Complex graphical models for biological network science

PRIN-2022, Unifi
UNIFI Research Unit: Francesco C. Stingo


Project is lead by th University of Florence (PI: Francesco C. Stingo), in collaboration with Università Cattolica del Sacro Cuore (Local PI: G. Consonni), University of Padua (Local PI: A. Roverato), and University of Palermo (Local PI: L. Augugliaro)

UniFI personnel:
F.C. Stingo (PI), M. Lupparelli, A. Gottard, A. Panzera, G. Poli, C. Busatto, L. Focardi Olmi

Brief description of the proposal

This project concerns the development of novel principled statistical tools for the analysis of complex networks under non-standard experimental setups (e.g. relaxing the i.i.d. assumption).
The methodological innovations that can be achieved with this proposal are as follows:

  1. Development of multiple, paired, and covariate-dependent graphical models for heterogeneous networks for both continuous and discrete variables
  2. Development of single and multiple graphical models for causal inference based on observational and interventional data
  3. Development of graphical models for non-normal (e.g., continuous but not Gaussian or circular data) and censored random variables.

The proposed research is expected to provide a methodological foundation for novel types and classes of graphical models.

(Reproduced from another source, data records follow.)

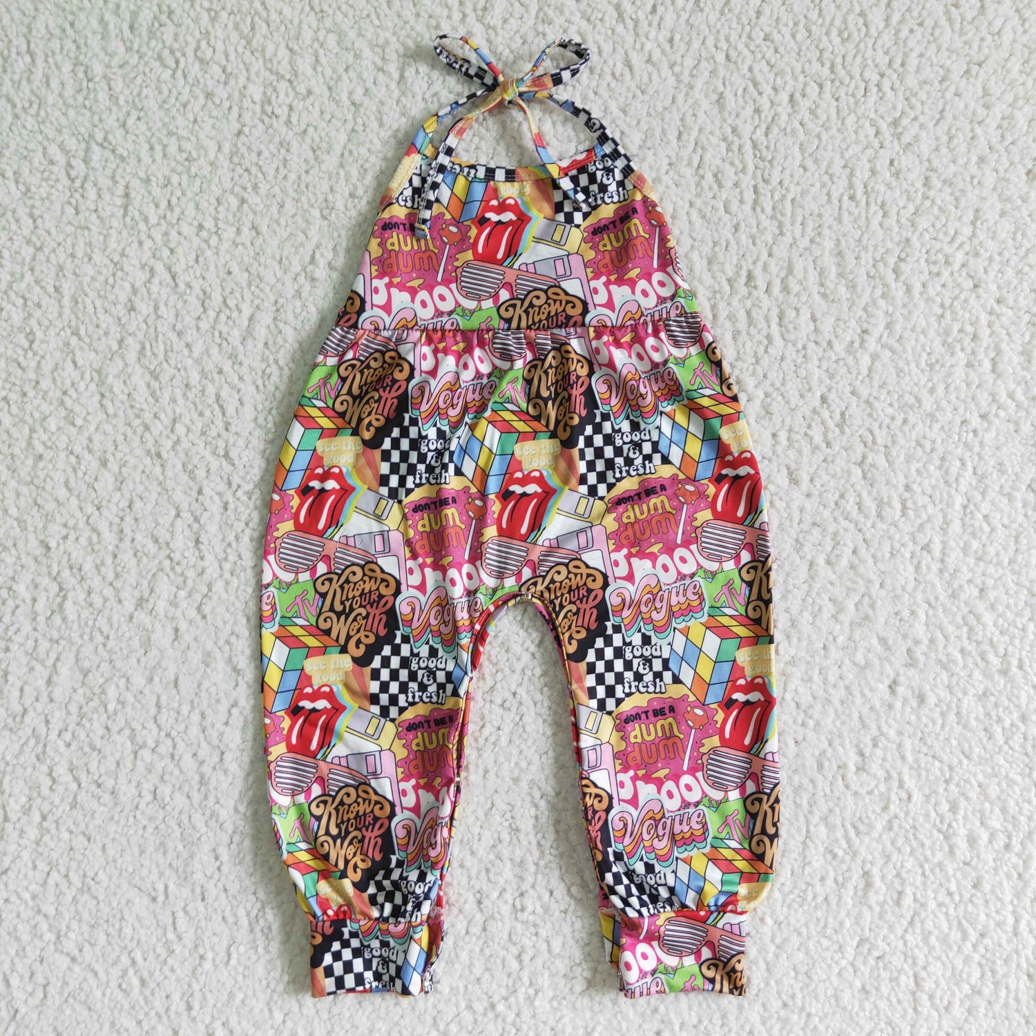 Retro tongue sleeveless jumper kids girls jumpsuit
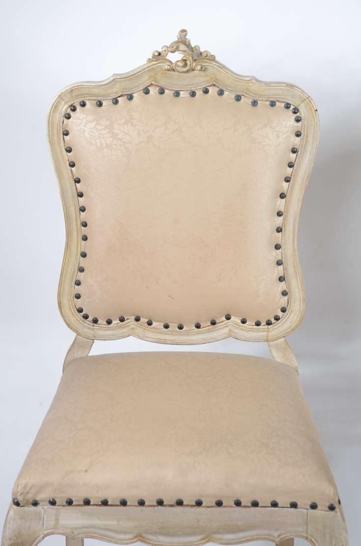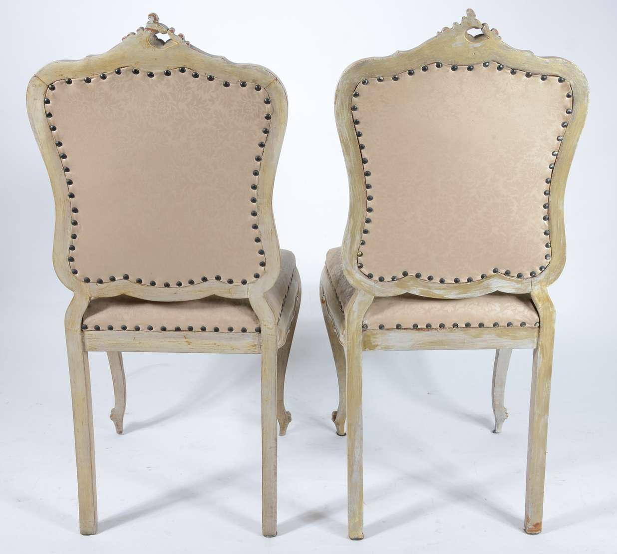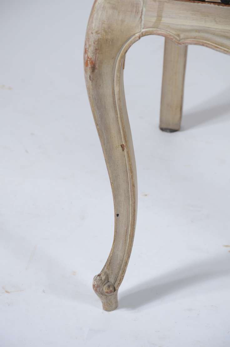 Par de cadeiras de madeira, estofadas e forradas em tecido cinza. Estofado com algumas manchas.
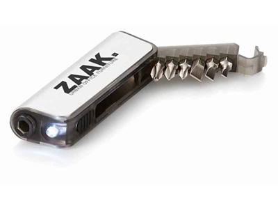 Мининабор инструментов Reno «7 в 1» с фонариком. В комплект входят шесть насадок, включая три плоских шлица. Магнитная головка отвертки удерживает насадки на месте. Светодиодный фонарик. Батарейка включена в комплект. Пластик. Тампопечать (1 цвет (цветные изделия)) на данный товар осуществляется бесплатно. Оплачивается только настройка оборудования в размере 2300 рублей на весь тираж.
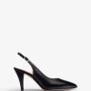 Zapato destalonado plano de piel con la puntera en piel negra a contraste. Línea superior con corte en V y correa en el talón que se puede ajustar con la hebilla de metal.
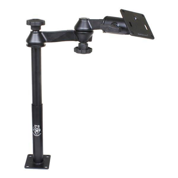 The RAM-VP-SW1-129-2461 consists of a 9" lower female Tele-Pole, 12" upper male Tele-Pole, double swing arm and 3.625" square base that contains the VESA hole pattern. The lower female Tele-Pole will attach to all RAM vehicles bases that do not contain a welded female Tele-Pole. The height of the Tele-Poles, combinded, can easily be adjusted by turning the knob at the top of the post. Once the knob has been tightened, the Tele-Pole becomes a rigid support for connecting devices or cradles. The double swing arm allows you to twist and tilt the viewing angle of your connected electronic device, when mounted on your RAM Vehicle Mount. The rotating swivel arm gives you even more viewing positions for your mounted electronic device while holding everything firmly in place. The length of the double swing arm is 12". The 3.625" square base includes a 75mm X 75mm VESA hole pattern with 1.5" rubber ball positioned 0.88" from the center of one edge. BrandSymbolRAM-VP-SW1-129-2461Producer code793442935381SeriesProduct Weight2971 g3556 gHardware IncludedAssembly Hardware|(4) 5/16"-18 x 1" Carriage Bolts|(4) 5/16"-18 Hex Nuts|(4) 5/16" Flat Washers|(4) 5/16" Split Lock Washers|(4) Rubber CapsProduct DimensionsMinimum Height: 20.3"|Maximum Height: 25.3"Hole PatternTele-Pole: 2.625" x 2.625"|VESA Plate: 75 x 75mm VESA75 x 75 VESAPlate SizeVESA Plate: 3.625" x 3.625"|Lower Pole: 3.5" x 3.5"MaterialsPowder coated steel|Marine-grade aluminumPackaging TypeBoxMounting TypeDrill DownBall & Socket SizeC Size 1.5" (Holds 1814.37 gramss)Device or Accessory TypeMonitorComponent partsRAM-2461URAM-VB-110-1NBURAM-VP-TBF9URAM-VP-TTM12UBall SizeC Size (1.5") - Recommended products

Compared to existing approaches, the additional benefits of our approaches include their interpretability (such as similarity measures between groups for both graph structures and edge values), their ability to assimilate information from several dimensions and to borrow strength only between related groups and/or units, to include prior information such as known biological regulatory mechanisms, and to provide interpretable measures of uncertainty both for single network structures and similarities between groups. We will develop both Bayesian and penalized likelihood approaches.

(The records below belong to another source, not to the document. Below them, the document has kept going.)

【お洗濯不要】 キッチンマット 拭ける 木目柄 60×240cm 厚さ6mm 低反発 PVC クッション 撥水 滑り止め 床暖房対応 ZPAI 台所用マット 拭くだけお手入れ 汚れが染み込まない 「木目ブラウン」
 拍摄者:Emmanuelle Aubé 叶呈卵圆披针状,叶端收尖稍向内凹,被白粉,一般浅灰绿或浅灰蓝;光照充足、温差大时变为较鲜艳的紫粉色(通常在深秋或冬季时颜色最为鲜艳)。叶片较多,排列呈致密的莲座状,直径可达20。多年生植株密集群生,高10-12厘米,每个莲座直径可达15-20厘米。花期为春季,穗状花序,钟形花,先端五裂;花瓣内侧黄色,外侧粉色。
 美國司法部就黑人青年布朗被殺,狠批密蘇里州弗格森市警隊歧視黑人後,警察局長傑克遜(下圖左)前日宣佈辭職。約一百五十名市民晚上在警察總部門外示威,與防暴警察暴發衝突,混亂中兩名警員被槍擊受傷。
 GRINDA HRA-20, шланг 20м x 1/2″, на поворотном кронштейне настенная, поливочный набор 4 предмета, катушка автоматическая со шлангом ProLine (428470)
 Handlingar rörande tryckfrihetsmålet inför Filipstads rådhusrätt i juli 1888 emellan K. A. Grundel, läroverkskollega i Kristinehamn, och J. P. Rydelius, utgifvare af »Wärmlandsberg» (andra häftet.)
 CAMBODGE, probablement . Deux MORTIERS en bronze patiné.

The proposed statistical models and computational algorithms are flexible and efficient quantitative tools for the analysis of dependence structures of biological networks, including co-expression, gene regulatory, mutations, and protein interaction networks.
Classical approaches to graphical models are not suited to capture and model the heterogeneous multi-dimensional data structures commonly observed in cancer genomics, nor can take into account intervention or missing data.
The methodology proposed in this application along with the companion software will provide medical researchers with a powerful new set of tools for determining the associations between a large number of genetic variables under a variety of complex data generating mechanisms. The application of the proposed methodology will result in a better understanding of the biological mechanisms of cancer, and other disease types.

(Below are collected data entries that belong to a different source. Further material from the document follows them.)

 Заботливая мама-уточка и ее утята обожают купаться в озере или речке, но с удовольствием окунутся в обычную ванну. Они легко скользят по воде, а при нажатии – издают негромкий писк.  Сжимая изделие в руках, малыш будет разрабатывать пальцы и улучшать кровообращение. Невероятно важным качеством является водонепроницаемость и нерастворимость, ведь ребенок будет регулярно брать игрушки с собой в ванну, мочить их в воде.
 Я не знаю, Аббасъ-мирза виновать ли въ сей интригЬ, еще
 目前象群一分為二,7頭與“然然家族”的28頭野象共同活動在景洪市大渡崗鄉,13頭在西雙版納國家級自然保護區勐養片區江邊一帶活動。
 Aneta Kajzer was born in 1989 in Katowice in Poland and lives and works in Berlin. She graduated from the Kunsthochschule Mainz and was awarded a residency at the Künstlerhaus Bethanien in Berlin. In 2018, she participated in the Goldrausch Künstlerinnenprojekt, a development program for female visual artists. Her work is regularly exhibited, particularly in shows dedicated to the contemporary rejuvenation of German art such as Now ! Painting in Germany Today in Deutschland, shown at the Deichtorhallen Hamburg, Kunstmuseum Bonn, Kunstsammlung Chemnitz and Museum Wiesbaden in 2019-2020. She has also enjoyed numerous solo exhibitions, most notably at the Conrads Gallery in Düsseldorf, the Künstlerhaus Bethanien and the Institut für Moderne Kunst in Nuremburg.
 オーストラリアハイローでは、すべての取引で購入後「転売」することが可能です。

Impact. The proposed methods are meant to advance knowledge, both theoretical and applied, in the broad areas of multivariate models for the analysis of high-dimensional complex data. In particular we will provide new methodology for graphical models in a variety of settings: non-standard experimental setups, non-Gaussian distributions, heterogeneous data, causal inference, various regimes for biological networks, using frequentist and Bayesian approaches. Our methods are broadly applicable, and are often motivated by investigations in cancer genomics.